Opening times: 16:00 - 20:00
Official opening: 13.11.2020 / 18:00
For the November edition of Windows 2020. New Phenomena, Magdalena Kirklewska and Ksawery Kirklewski are going to prepare a spatial installation inside the LKW Gallery titled „Smile, please”.
In the artists’ own words:
Depression affects 350 million people each year, making it one of the most widespread diseases around the world. The COVID-19 pandemic, social isolation, political and economic crisis all have a destructive influence on our mental health. According to the latest research published by Boston University School of Public Health (BUSPH), the number of people with depression symptoms in the USA has increased from 8.5% before the pandemic to 27.8% in April 2020. This increase – the numbers grew more than threefold – is the effect of stressors associated with the pandemic, most notably financial problems. The pandemic wave of depression will most likely also hit Poland.
Poland is among the leading European countries in terms of the share of people suffering from depression among the population (5.1% in 2017 according to WHO), with more than 5,000 Poles committing suicide each year. Depression is a widespread problem that affects people from various age and social groups. Nevertheless, depression patients are stigmatised and discriminated against in the Polish society, as a result of harmful stereotypes that still exist about mental illnesses. Persons experiencing such reactions are more reluctant to reveal their illness, less frequently seek support and more often resign from pursuing necessary treatment. Depression doesn’t always have the face of a person sunk in grief, hiding away from the world.

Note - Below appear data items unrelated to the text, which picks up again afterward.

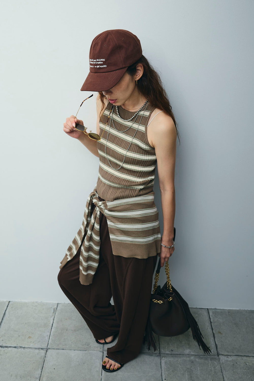 [予約/SET]ランダムボーダーアメスリタンク+ランダムボーダーシアーカーデ+アイレットレースラップ付きパンツ(3set)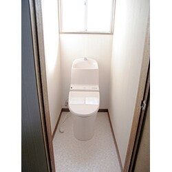 便器はウォッシュレット一体型で高さ80㎝の使い易い手洗いを備え、また深くて広いボウルタイプなので手が当たらず、水切り動作をしてもまわりに水はねしにくい形状です。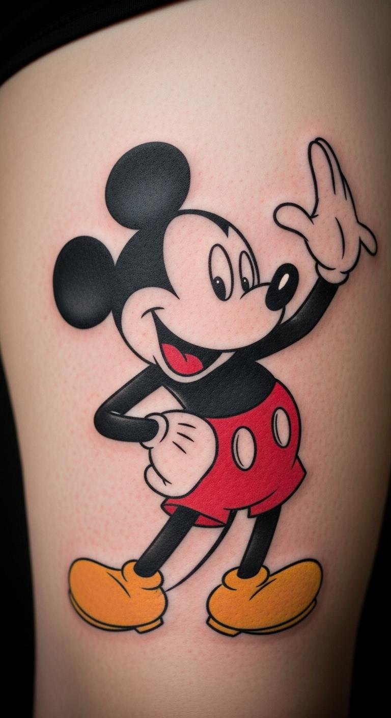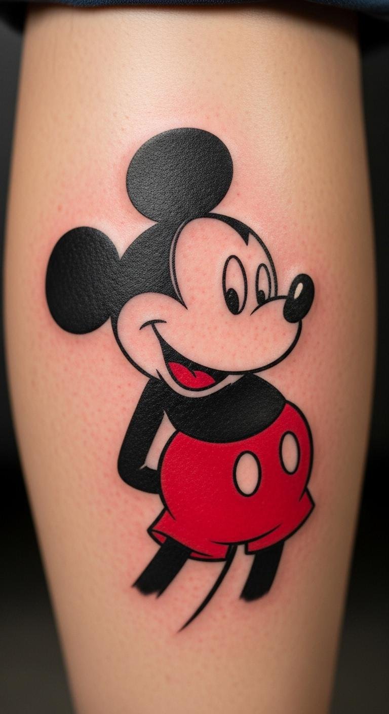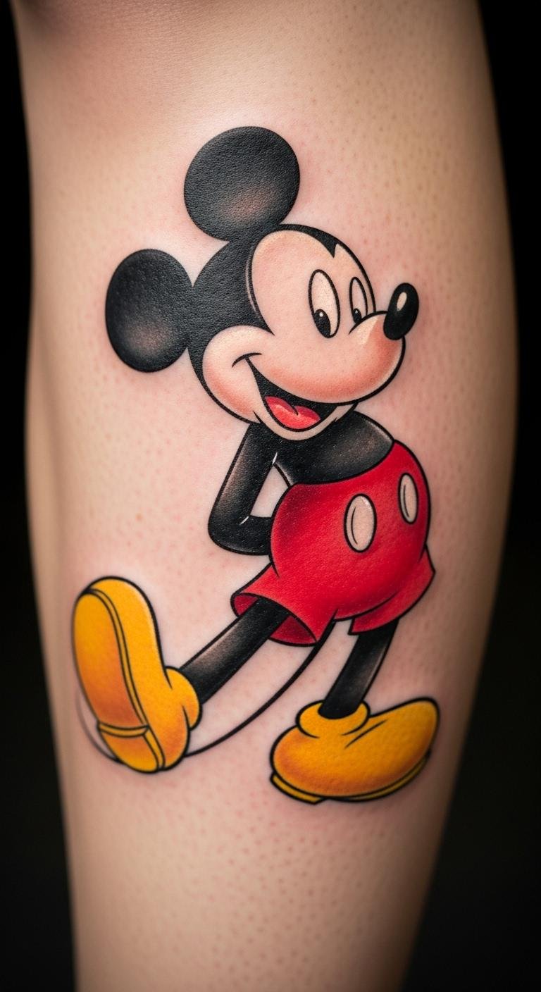 Add pops of color to Mickey for a lively twist. Try your leg for space. Experiment with markers on skin first. It’s a low-cost trial. For example, color sample designs from apps. Use primary colors for boldness. This keeps things simple. Find sales at tattoo studios. It evokes happiness easily. Choose a small area to stay budget-friendly.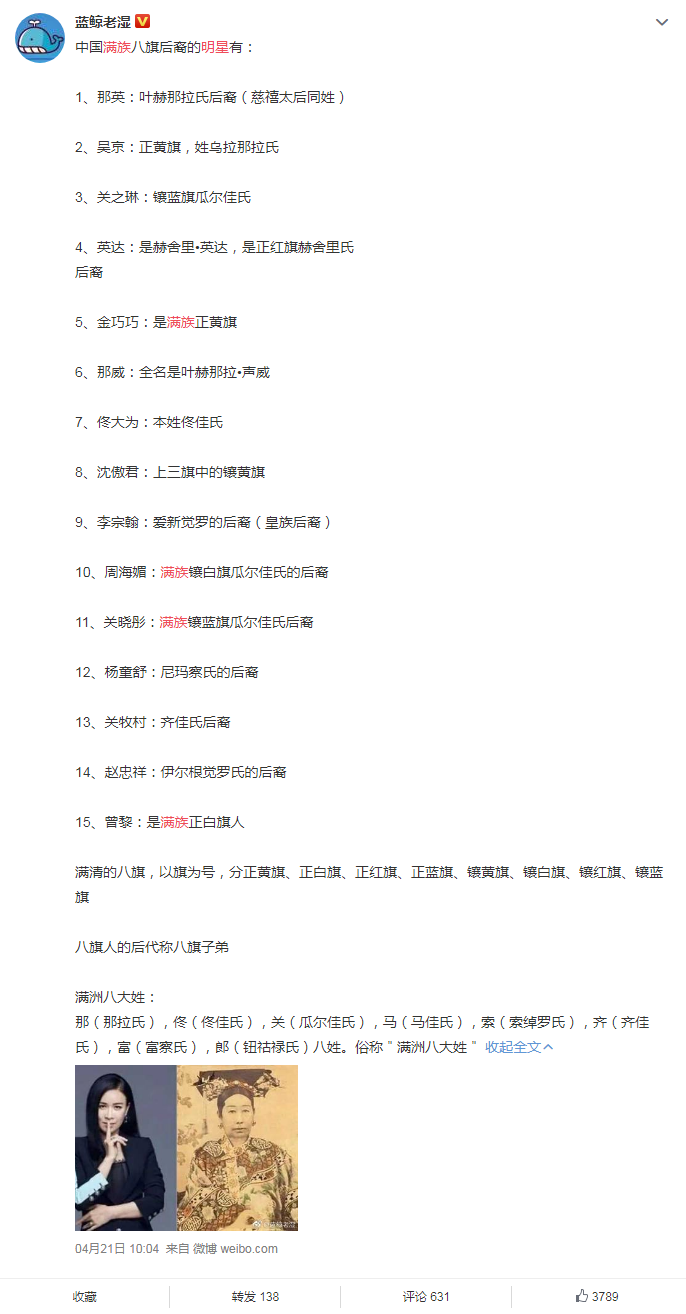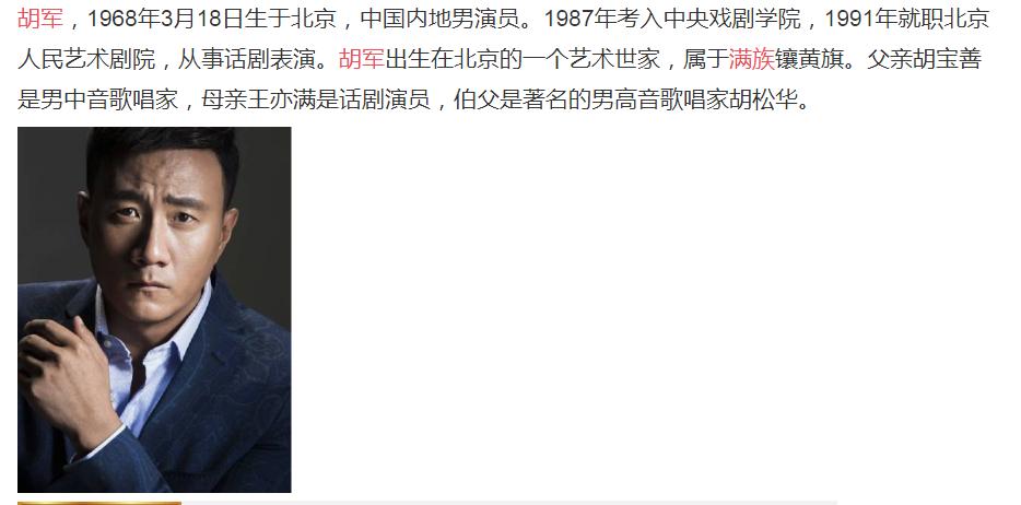 娱乐圈有很多明星都是少数民族的,比如说都佟丽娅、迪丽热巴、古力娜扎等,其实除了这些比较知名的外,还有一些艺人也是少数民族,比如说佟大为、胡军、那英等都是满族人,其实很多人都不知道胡军是满族,因为他的长相是正宗的中原人长相,不过满族本来也是游牧民族,所以这个长相也不奇怪,那么胡军满族的姓氏是什么? 说起胡军,就不得不提《天龙八部》,很多人都是因为这部剧而喜欢上胡军的,其实胡军是属于艺术家类的演员,他很早之前就是国家一级演员,称为老戏骨也不为过,在人们的印象中,胡军出演的作品不算多,但每部都可以称为经典,只能说胡军老师的形象太特别了,娱乐圈真的很缺少胡军这样的演员。 可能很多人都不知道,胡军出身于艺术世家,父亲和伯父都非常有名气,他的父亲是著名男中音歌唱家胡宝善,伯父是著名男高音歌唱家胡松华,所以胡军自小家教很严,可能很少有人知道,胡军家族属于满族镶黄旗,在满族中,镶黄旗属于上三旗之首,所以胡军算是贵族后代。 镶黄旗中的姓氏有很多,比如说像我们熟悉的瓜尔佳氏、钮钴禄氏、博尔济吉特氏、叶赫那拉氏等,都是属于镶黄旗的,胡军的满族姓氏至今是个谜,因此小编并不清楚,其实胡姓在我国也是大姓之一,因此姓胡的人有很多,不知道胡军的汉族姓氏是先辈随便取的还是根据族谱来定的,情况恐怕只有当事人清楚了。

Those affected often maintain the semblance of normal functioning, hiding their condition beneath a smile, while their illness goes unnoticed by those around them. Overcoming the tabooisation of depression and mutual empathy might help us survive these generally very difficult times.
MAGDALENA KIRKLEWSKA (borh 1990) is a graduate of the Faculty of Painting of the Academy of Fine Arts in Gdańsk. She graduated with honours in 2015. In her painting, she focuses on the image of the body in the context of social and cultural patterns. In 2019, she received a mention of honour in the 2019 Eibisch Award, Katarzyna Napiórkowska Art Gallery, Warsaw. In 2020, she presented her works at solo exhibitions, e.g. Images of Bodies, Żak Gallery, Venus and Adonis, WL4 – Mleczny Piotr, and Magdalena Kirklewska – Let’s Hang Artists Every Day at the Artists’ Colony in Gdańsk. She lives and works in Gdańsk.
KSAWERY KIRKLEWSKI (born in 1988) is a graphic designer, animator and programmer, graduate of the Faculty of Graphic Arts of the Academy of Fine Arts in Gdańsk. His graduation work Banner Exhibition, presented in 2015, received the Award of the Minister of Culture in the Design 32. The best Works from the Academy of Fine Arts in Katowice 2015. He creates public artworks, live visualisations and music videos. In his work, he relies on new technologies, programming, advertising media, and old RTV equipment. He is the cofounder of Fundacja(x), working with the broadly understood new media art and its popularisation (for instance by organising the AVX – Audio Video Experyment microfestival). He lives in Gdańsk’s Dolne Miasto.
www.ksawerykomputery.pl
www.instagram.com/ksawerykomputery
Windows 2020. New Phenomena – concept of the series
A SERIES OF EXHIBITIONS IN THE PUBLIC SPACE / LKW GALLERY
Climate marches, wildfires, melting glaciers, animal species going extinct, mutating viruses and life under lockdown, plus the ongoing threat of terrorism, fear of strangers and recurring nationalist tendencies… One could say that we’re living in “interesting times”, when dystopian visions become reality. In order to survive, on the one hand, we tend to go in denial, gradually adapt to the situation, escape into cyberspace and dream about flying to Mars, and on the other, we feel a growing personal rebellion and fear at what’s still to come, and try to make a change.
The LKW Gallery space will act as a window where you’ll be able to look from the outside at sculptures, installations, interventions, video works and performances – but it will also serve as a broadcasting studio for artistic actions.
Using any medium they choose, each of the invited artists will prepare their own show, with the audience being composed of both art consumers and accidental passers-by.